*What to produce*:
Restate exactly the lines that run from the start of the records below to the line containing "Orno Ttobe 7", counting both ends, and nothing else; pictures stay out.

:: Data for this exercise ::

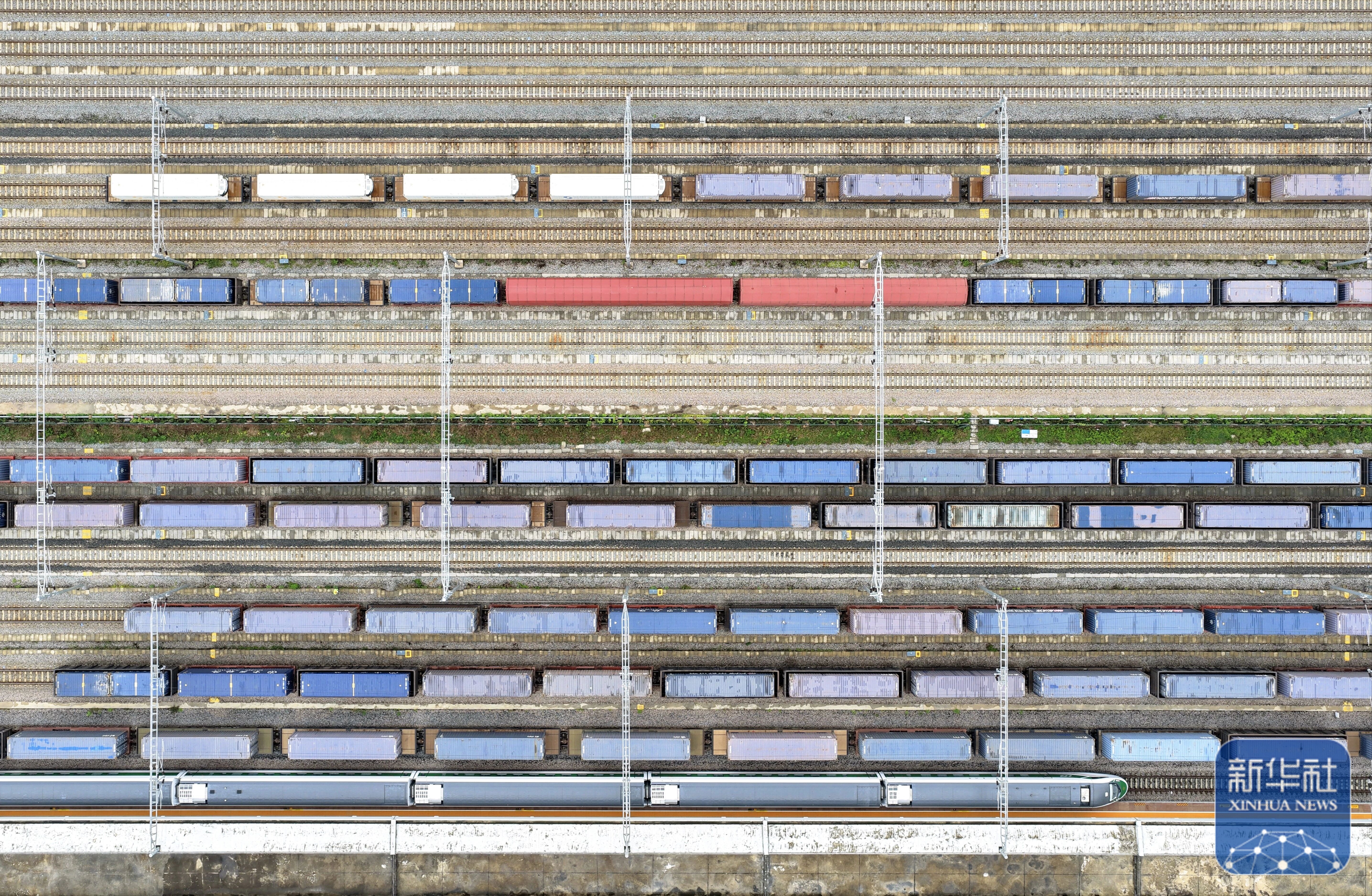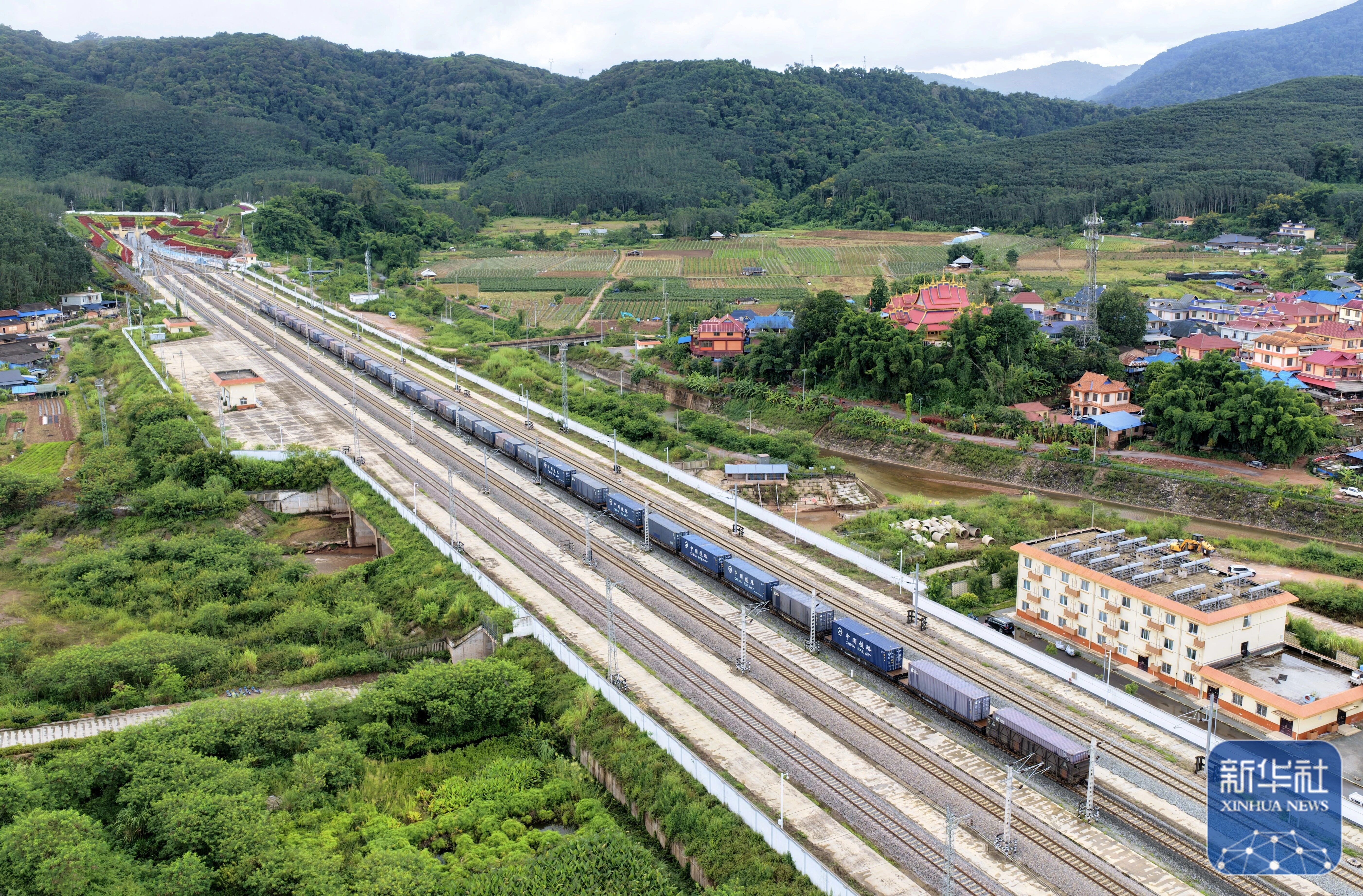 ↑ 9月21日,中老铁路上的货运列车在磨憨站通过(无人机照片)。
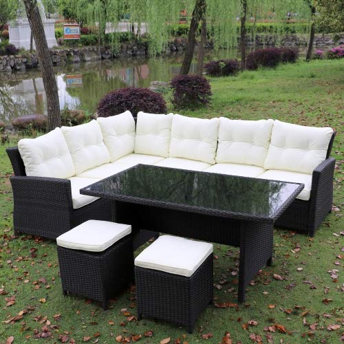Orno Ttobe 7 Piece Outdoor Patio Sofa Sectional Garden Rattan Wicker Furniture With Furniture Cover Red Cushion
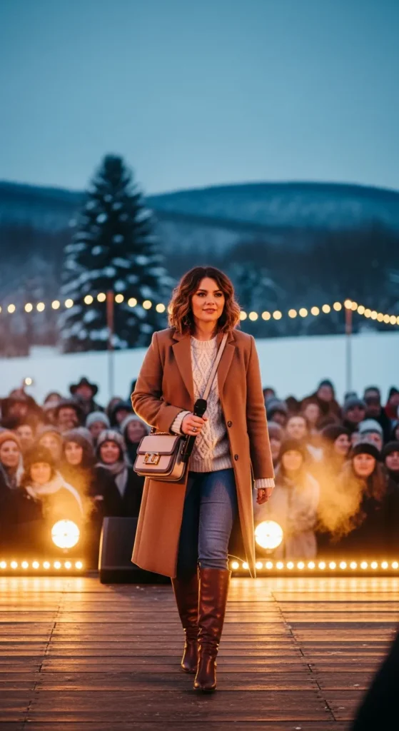A tailored camel wool coat over a fitted sweater and slim jeans creates effortless sophistication. Finish with tall leather boots for warmth and elegance at outdoor venues.
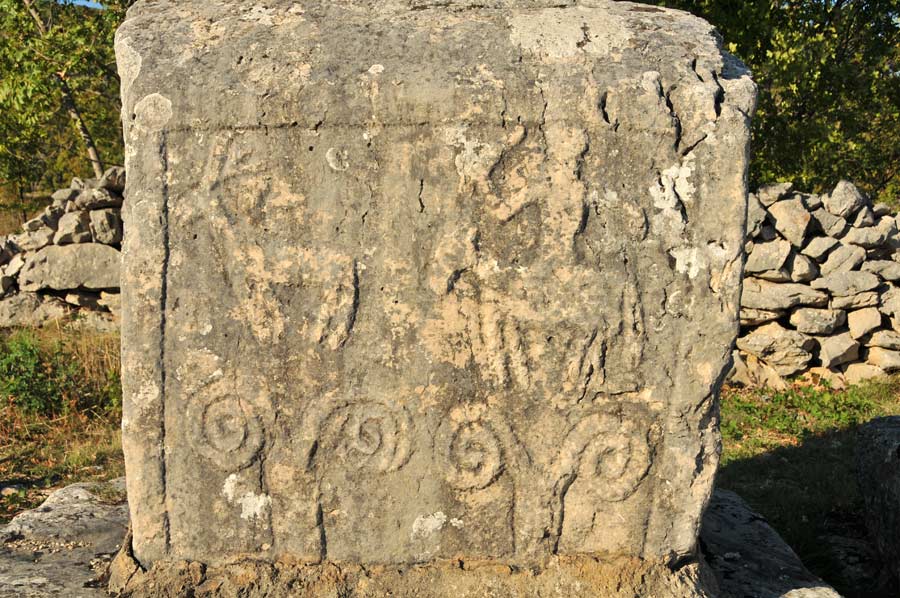 Manche Stećci zeigen in ihren Motiven Reste örtlich heidnischer Mythen und Rituale, mit heraldischen Symbolen den Status eines regionalen slawischen Adligen oder die Taten der Menschen, für die sie gesetzt worden sind.
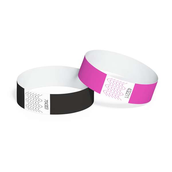 Bracciale per eventi in fibra sintetica con numerazione individuale. Presentato in fogli da 10 unità.
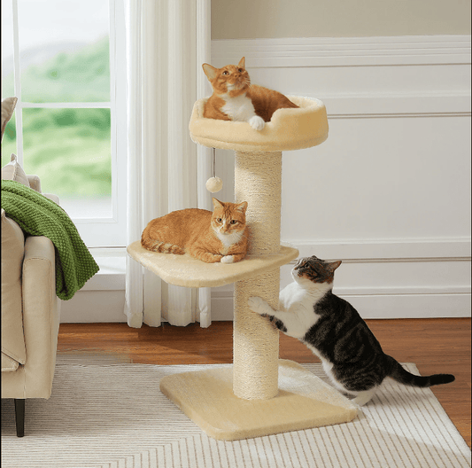 Arbre à chat maine coon - beige - robuste - sécuritaire
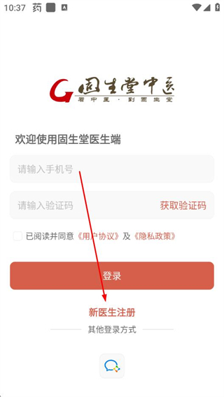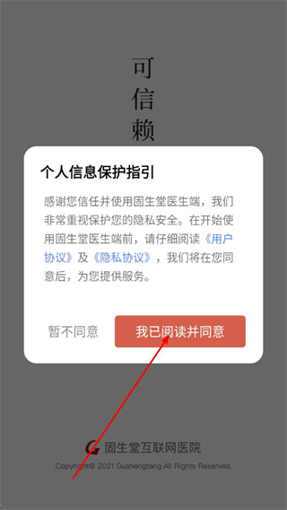 1、在固生堂醫(yī)生端App的個(gè)人信息保護(hù)指引彈窗中,點(diǎn)擊我已閱讀并同意,進(jìn)入登錄/注冊(cè)頁面。
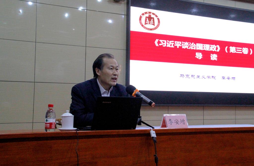 报告会上,李安增教授对《习近平谈治国理政》第三卷的出版发行情况,19个专题、92篇报告、讲话、谈话、演讲等主要内容进行了介绍。他认为,作为高校辅导员要知晓《习近平谈治国理政》第三卷的基本情况,把握其精髓要义,认识其重大意义,并能够从实践和工作中向总书记看齐,真正做到内化于心,外化于行。
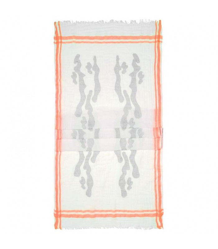 80% cotone, 20% poliestere. sciarpa dal tessuto morbido e piacevole da indossare, righe in colori a contrasto sulle estremitã , orli arrotolati sui bordi longitudinali, tessuto sfrangiato sulle estremitã . dimensioni: 180 x 63 cm.
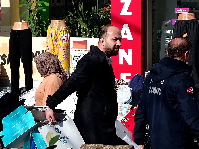 “Önceki gün bizim evin kapısı çalındı. Meşgul olduğum için ben ilgilenemedim, ama gelenler AK Parti örgütünden imişler. Kapıdan “Merhaba” deyip bir paket bırakıp gideceklermiş. İçini açmadan Yıldırım Belediyesi logolu kocaman..
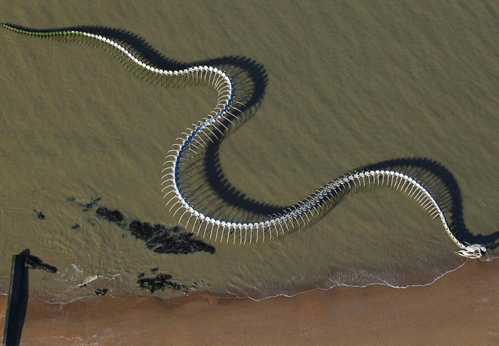Скелет длиной в 130 метров выполнен из алюминия и ужасно реалистичен. Кажется, будто он выходит из морской пучины. Извилистое движение его позвонков создает иллюзию живого существа, как будто он хочет подняться из вод океана, чтобы появиться и исчезнуть в ритмах прилива.
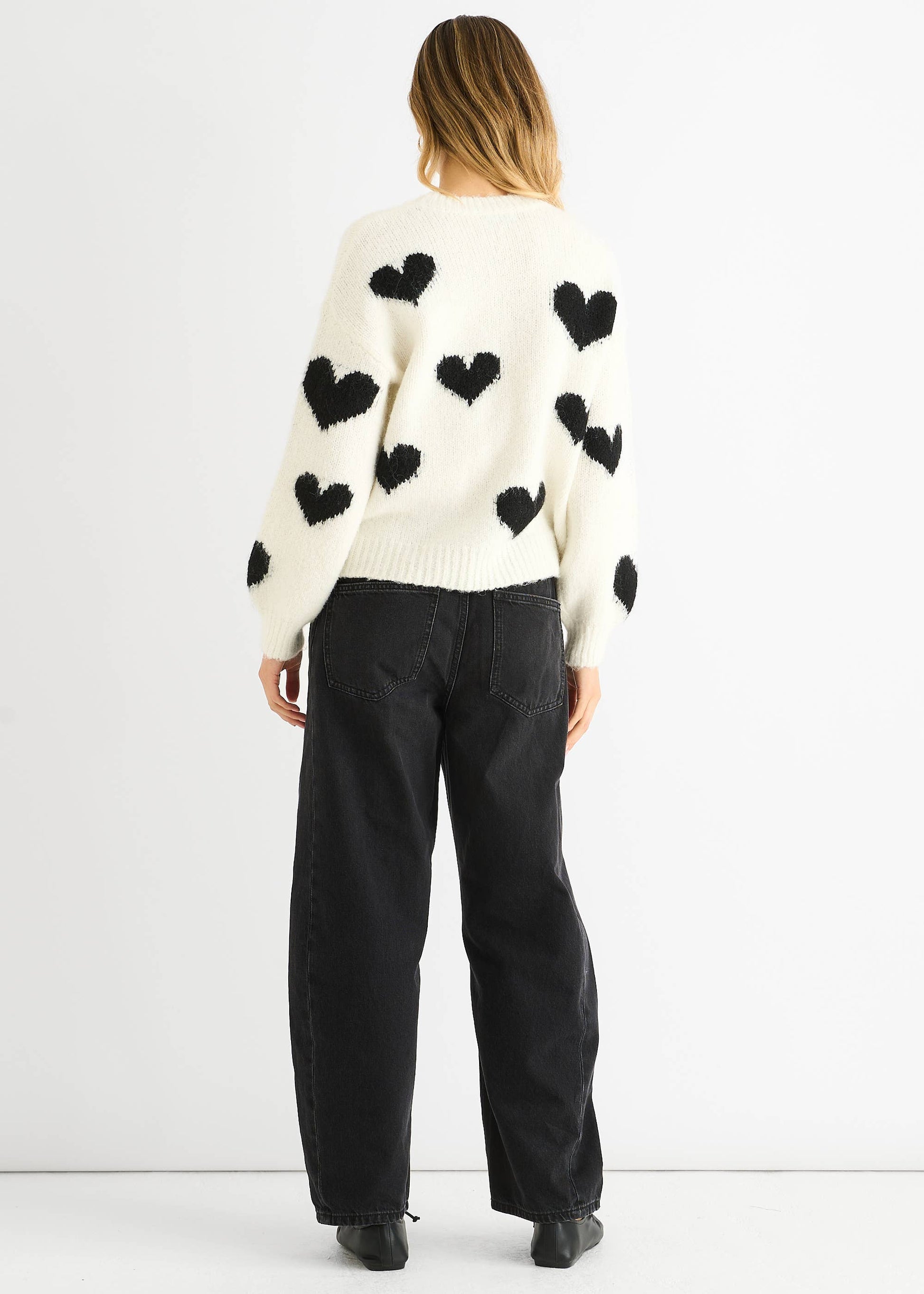 Cream Contrast Heart Oversized Knit Jumper - New Tags
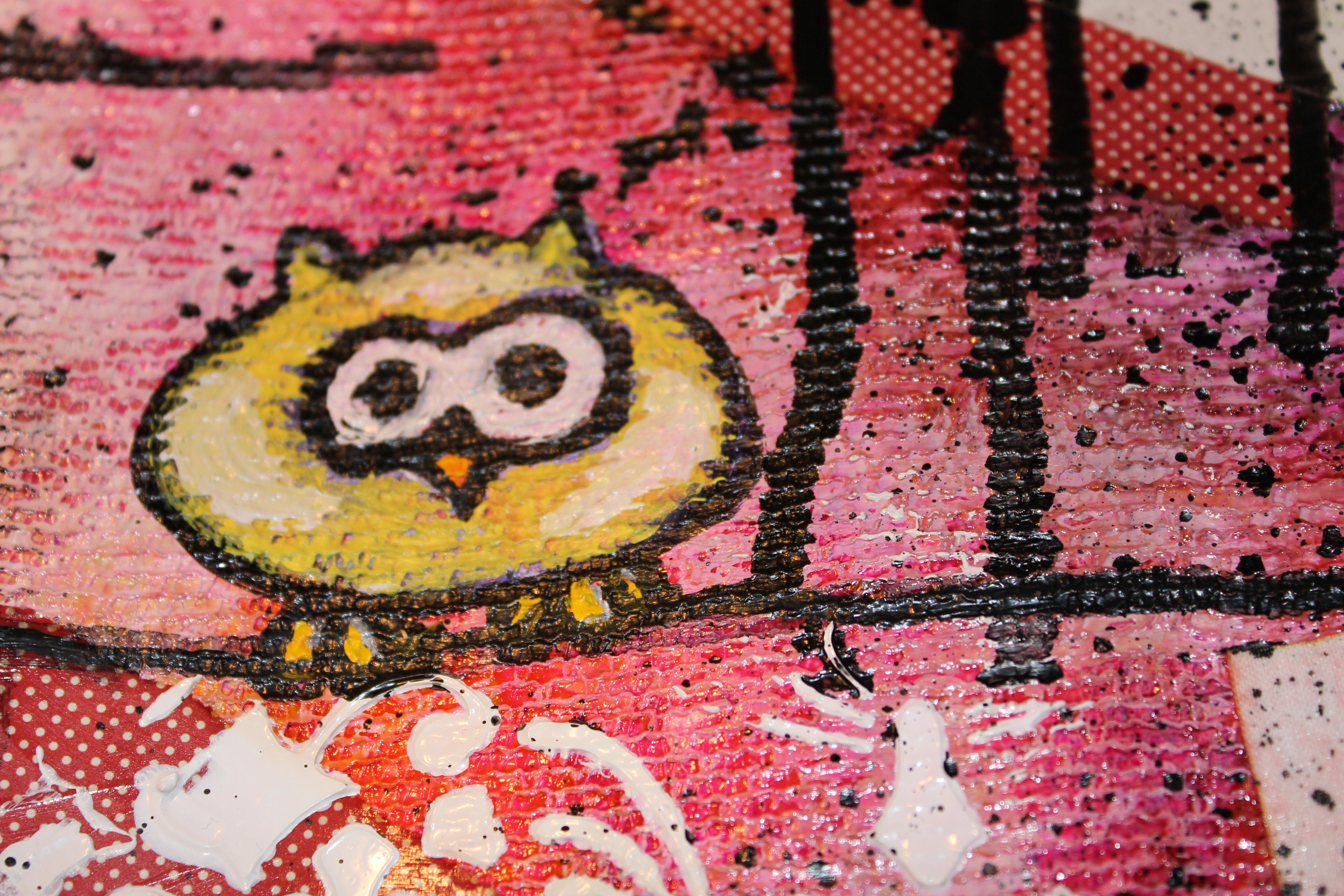 punchella, gesso, golden matt medium, akryl, et gammelt strikkemønster, blyant, inktense, vannløslige fargestifter, posca pen ++

:::

*Response to this exercise*:
 ↑ 9月21日,中老铁路上的货运列车在磨憨站通过(无人机照片)。
Orno Ttobe 7 Piece Outdoor Patio Sofa Sectional Garden Rattan Wicker Furniture With Furniture Cover Red Cushion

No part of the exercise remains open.